The authors selected 46 schools that were built using the LEED standards in 2012 and matched each one to a similar school, based on whether they competed in the same sports event, the percentage of economically disadvantaged students as well as the ethnic composition of the students. We are not able to reproduce this matching, as the data set contains only the matched 46 couples (amounting to 92 schools in total). The authors claim that they are confident that the control group of schools did not erect new buildings in the meantime. There are no data on the age of the school buildings in the control group. Adjusting for this variable would make the outcome a lot more convinving.
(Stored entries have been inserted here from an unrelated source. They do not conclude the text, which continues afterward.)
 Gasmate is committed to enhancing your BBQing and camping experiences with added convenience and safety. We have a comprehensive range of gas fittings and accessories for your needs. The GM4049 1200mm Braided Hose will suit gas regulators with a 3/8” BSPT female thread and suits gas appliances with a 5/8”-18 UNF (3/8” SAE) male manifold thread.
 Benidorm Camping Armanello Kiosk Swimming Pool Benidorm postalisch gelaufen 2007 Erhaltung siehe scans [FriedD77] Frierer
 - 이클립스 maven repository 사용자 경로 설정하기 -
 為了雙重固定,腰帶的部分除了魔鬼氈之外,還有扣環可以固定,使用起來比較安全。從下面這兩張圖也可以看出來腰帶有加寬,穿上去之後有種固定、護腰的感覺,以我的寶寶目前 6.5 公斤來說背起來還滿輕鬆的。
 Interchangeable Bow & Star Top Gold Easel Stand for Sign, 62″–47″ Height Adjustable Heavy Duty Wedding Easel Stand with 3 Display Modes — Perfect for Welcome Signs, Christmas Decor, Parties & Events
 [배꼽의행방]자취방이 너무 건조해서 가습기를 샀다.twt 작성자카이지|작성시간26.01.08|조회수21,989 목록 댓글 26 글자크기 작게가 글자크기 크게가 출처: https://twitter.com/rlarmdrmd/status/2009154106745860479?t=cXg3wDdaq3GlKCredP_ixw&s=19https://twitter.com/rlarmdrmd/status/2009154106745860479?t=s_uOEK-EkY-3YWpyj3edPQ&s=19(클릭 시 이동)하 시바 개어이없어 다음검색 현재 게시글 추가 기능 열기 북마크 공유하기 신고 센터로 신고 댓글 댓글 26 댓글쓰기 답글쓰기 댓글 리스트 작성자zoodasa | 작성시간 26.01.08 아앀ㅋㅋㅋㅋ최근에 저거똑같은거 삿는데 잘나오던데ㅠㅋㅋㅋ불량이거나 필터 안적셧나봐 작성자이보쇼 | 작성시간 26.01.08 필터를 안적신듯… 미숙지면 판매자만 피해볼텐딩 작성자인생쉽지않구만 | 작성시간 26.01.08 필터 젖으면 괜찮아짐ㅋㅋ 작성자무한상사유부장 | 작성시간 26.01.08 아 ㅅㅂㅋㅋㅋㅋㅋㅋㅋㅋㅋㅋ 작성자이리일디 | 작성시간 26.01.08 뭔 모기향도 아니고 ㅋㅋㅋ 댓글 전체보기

The first school was opened under the LEED program in 2009. However, the authors went for 2012 as the treatment year, because that is when most LEED schools opened. Schools that opened in different years are unfortunately not in the data set.

The Data

In order to get a quick overview of panel data, we use the handy panelView package. This tells us immediately if the treatment was given at the same point in time.

library(tidyverse)
library(haven)
library(estimatr)
library(naniar)
library(panelView)
library(ggsci)

leed <- read_dta("C:/R/edu/LEED schools/LEED.dta") %>% 
  mutate(ln_SPI = log(SPI),
         ln_Female = log(Female),
         ln_PerPupilExpenditureClassroom = log(PerPupilExpenditureClassroom),
         ln_StudentsperTeacherFTEEnroll = log(StudentsperTeacherFTEEnroll),
         Post = LEED,
         Treat_time = LEED*Treatment)

plot1 <- panelView(ln_SPI ~ Treat_time + LEED + Treatment + ln_Female + ln_PerPupilExpenditureClassroom +           ln_StudentsperTeacherFTEEnroll, 
          data = leed, 
          index = c("school","Year"), 
          xlab = "Year", ylab = "School",
          pre.post=T) 
plot1 +
  scale_y_continuous(labels=NULL)
## Scale for 'y' is already present. Adding another scale for 'y', which will
## replace the existing scale.

We observe that this is indeed the case. All treatments are assigned in 2012. The picture also confirms that there are about as many control as treatment units.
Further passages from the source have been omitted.